Originally published January 11, 2011

Keywords: Bankruptcy Code, appellate, projected disposable income, debtor, creditor, Ransom v. FIA Card Services,

Today the Supreme Court issued a decision, described below, of interest to the business community.

  • Chapter 13 Bankruptcy—"Projected Disposable Income"

Chapter 13 Bankruptcy—"Projected Disposable Income"

Ransom v. FIA Card Services, N.A., No. 09-907 (previously discussed in the April 19, 2010 Docket Report)

Chapter 13 of the Bankruptcy Code allows an individual debtor to propose a plan for repaying creditors out of the debtor's "projected disposable income." If a creditor objects, the bankruptcy court may confirm the plan only if it provides for all of the debtor's projected disposable income to go toward paying off debt. 11 U.S.C. § 1325(b)(1)(B). Today, in Ransom v. FIA Card Services, N.A., No. 09-907, the Supreme Court clarified the method for calculating disposable income under Chapter 13, holding that only those categories of expenses that the debtor actually incurs may be subtracted from the debtor's current income, even when the specific amount that would otherwise be subtracted is, as a matter of statute, a standardized rather than individualized amount.

For debtors whose monthly income exceeds the median in their state, the Bankruptcy Abuse Prevention and Consumer Protection Act of 2005 replaced case-by-case determinations of disposable income with a semi-standardized "means test." The means test calculates disposable income by subtracting "amounts reasonably necessary to be expended" in certain categories from the debtor's current monthly income. For some categories of expenses, the "amounts reasonably necessary to be expended" are defined as the standardized amounts found in certain IRS standards. With respect to those categories of expenses, the means test allows the debtor to subtract from current income the "applicable monthly expense amounts" set forth in the relevant standards. Those standards include, among other things, a standardized automobile "ownership cost" and a standardized automobile "operating cost."

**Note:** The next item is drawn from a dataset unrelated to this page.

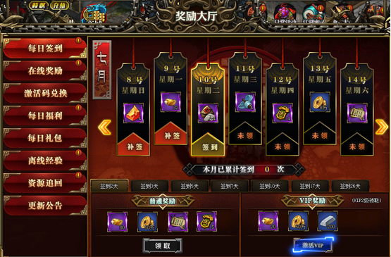 活动内容:通过签到,充值,特权,在线,登录等获取丰厚奖励

The question in Ransom was whether the means test permits a debtor to subtract the standardized automobile "ownership cost" when the debtor owns the automobile outright, and thus does not make monthly loan or lease payments. The Bankruptcy Court, the Ninth Circuit B.A.P., and the Ninth Circuit all denied confirmation of the proposed plan because it did not commit all disposable income—calculated without an "ownership cost" expense—to debt repayment.

In today's 8-1 decision written by Justice Kagan, her first opinion, the Supreme Court affirmed the lower court decision, ruling in favor of an objecting creditor and holding that the "ownership cost" reduction was not available to a debtor who incurred no such costs.

The Court focused on the phrase "applicable monthly expense amounts," reasoning that categories of expenses are not "applicable" to a debtor who does not incur them. Slip op. 6–7. The Court rejected the debtor's contention that the word "applicable" refers to the process of identifying the appropriate amount in the IRS tables of ownership costs (which set forth different standardized amounts depending on the debtors' location, family size, and other variables), rather than the evaluation of whether the category applies at all to that debtor. Id. at 11. The plain meaning of "applicable" supports the Court's reading, Justice Kagan wrote, as does the ultimate object of the means test, which is to determine the "amounts reasonably necessary to be expended" by the debtor. Id. at 8. The Court also found that the legislative intent of "ensur[ing] that [debtors] repay creditors the maximum they can afford" favored excluding such hypothetical expenses. Id. at 9 (quoting H.R. Rep. 109-31, pt. 1, at 2 (2005)). Having decided that the debtor may apply only those categories in which he incurs actual expenses, the Court then held that the "ownership costs" category encompasses only loan or lease payments; insurance, maintenance expenses, taxes, and other costs are covered by the separate "operating costs" category. Id. at 9–10.

Justice Scalia's lone dissent relied largely on his contrary parsing of the statutory text.